▶ **Instructions to follow**: Among the records below, find the line with "月是故乡明,月饼还是儿时味道" and the line with "Top Finel Velvet". Set down both and every line between, exactly and with no pictures, but nothing else.
Top of Data provided
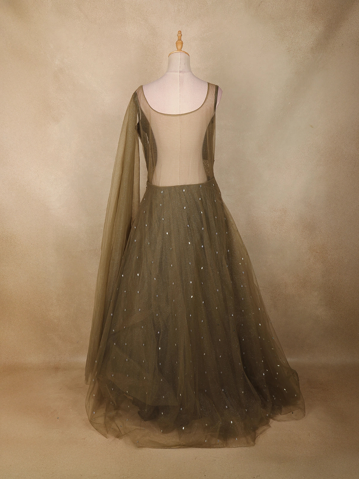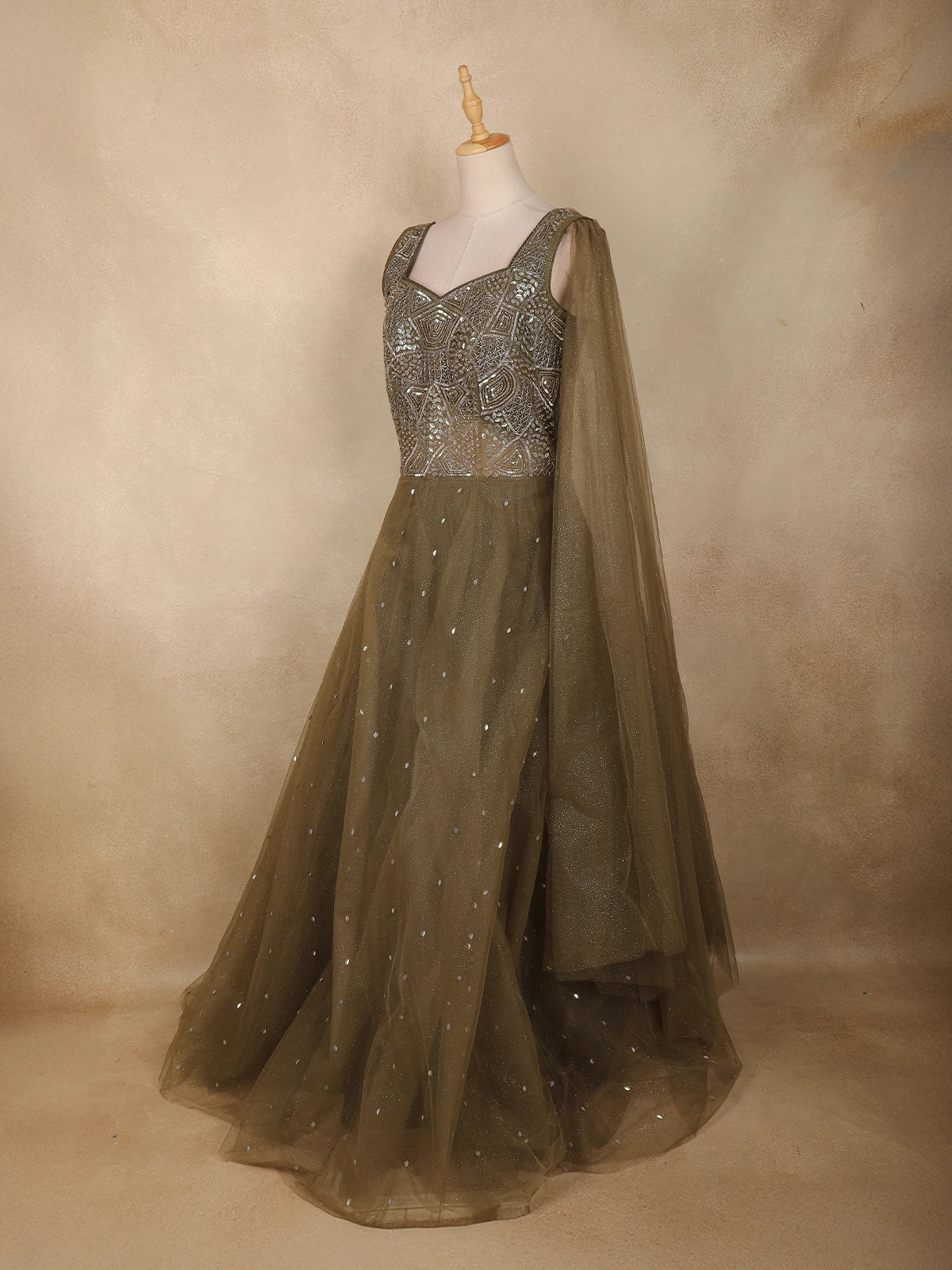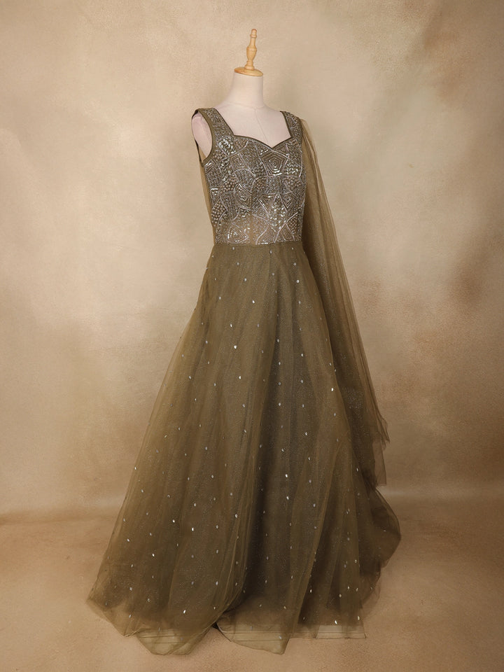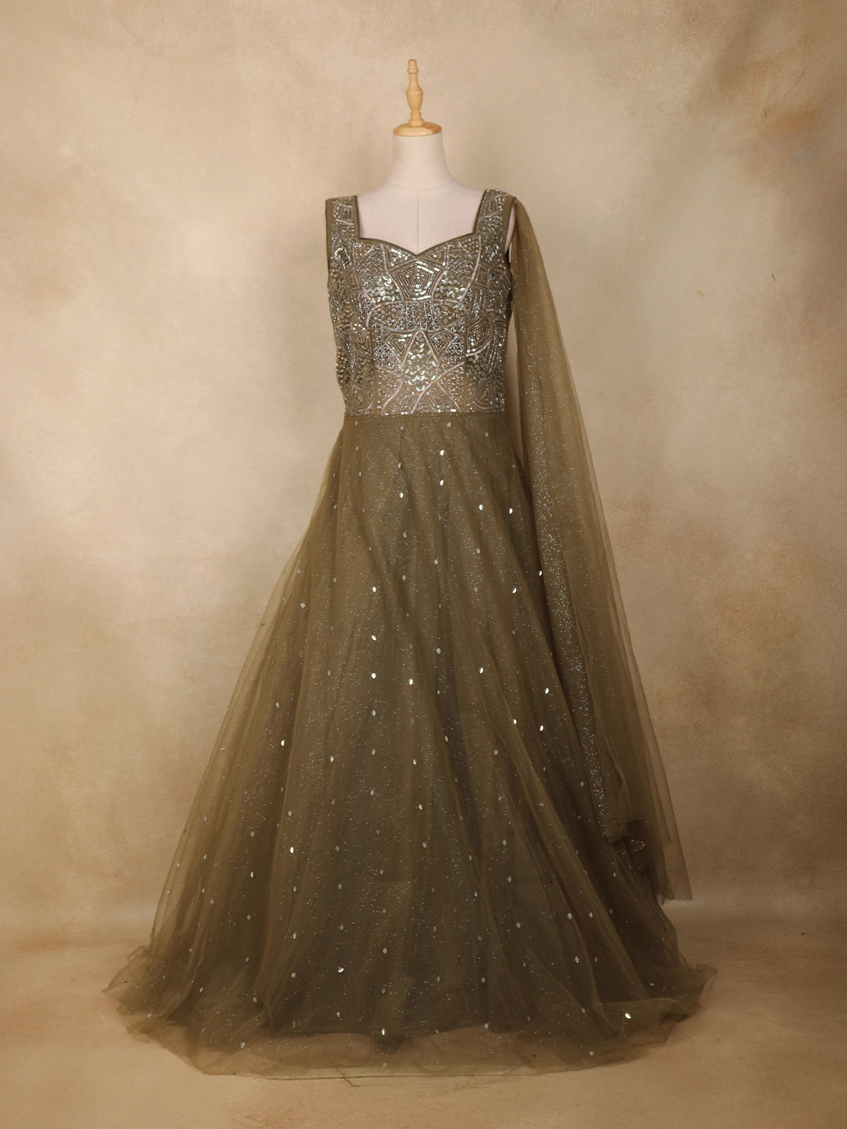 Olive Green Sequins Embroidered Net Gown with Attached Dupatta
Bottom of Data provided
Top of Data provided
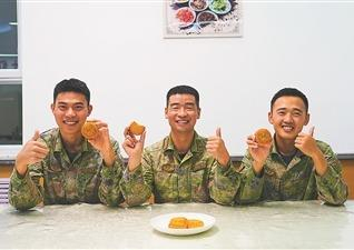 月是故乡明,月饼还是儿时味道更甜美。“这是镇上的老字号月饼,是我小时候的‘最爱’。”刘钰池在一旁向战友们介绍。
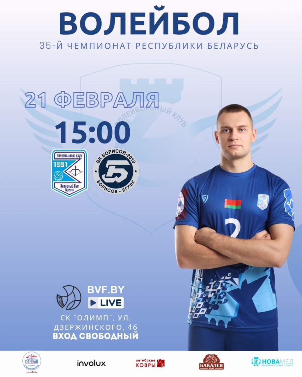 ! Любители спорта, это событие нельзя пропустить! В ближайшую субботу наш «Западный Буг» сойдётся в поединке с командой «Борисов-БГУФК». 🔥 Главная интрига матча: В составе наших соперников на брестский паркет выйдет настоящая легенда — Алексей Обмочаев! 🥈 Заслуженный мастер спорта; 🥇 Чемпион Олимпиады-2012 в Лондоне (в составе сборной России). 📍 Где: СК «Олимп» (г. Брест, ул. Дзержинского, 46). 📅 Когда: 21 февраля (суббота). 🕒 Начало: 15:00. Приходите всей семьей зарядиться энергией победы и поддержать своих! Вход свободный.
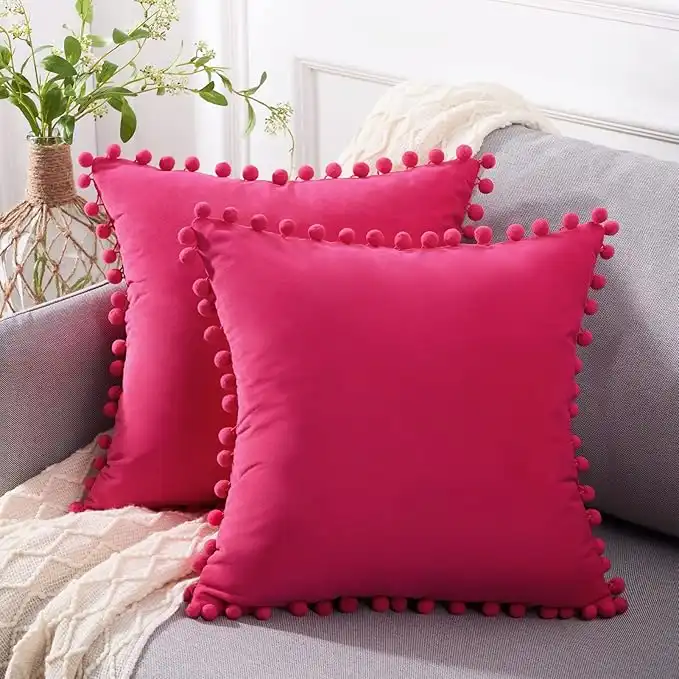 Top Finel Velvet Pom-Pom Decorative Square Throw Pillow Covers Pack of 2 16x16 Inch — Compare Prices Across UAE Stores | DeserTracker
Bottom of Data provided
▶ **Result below**:
 月是故乡明,月饼还是儿时味道更甜美。“这是镇上的老字号月饼,是我小时候的‘最爱’。”刘钰池在一旁向战友们介绍。
 ! Любители спорта, это событие нельзя пропустить! В ближайшую субботу наш «Западный Буг» сойдётся в поединке с командой «Борисов-БГУФК». 🔥 Главная интрига матча: В составе наших соперников на брестский паркет выйдет настоящая легенда — Алексей Обмочаев! 🥈 Заслуженный мастер спорта; 🥇 Чемпион Олимпиады-2012 в Лондоне (в составе сборной России). 📍 Где: СК «Олимп» (г. Брест, ул. Дзержинского, 46). 📅 Когда: 21 февраля (суббота). 🕒 Начало: 15:00. Приходите всей семьей зарядиться энергией победы и поддержать своих! Вход свободный.
 Top Finel Velvet Pom-Pom Decorative Square Throw Pillow Covers Pack of 2 16x16 Inch — Compare Prices Across UAE Stores | DeserTracker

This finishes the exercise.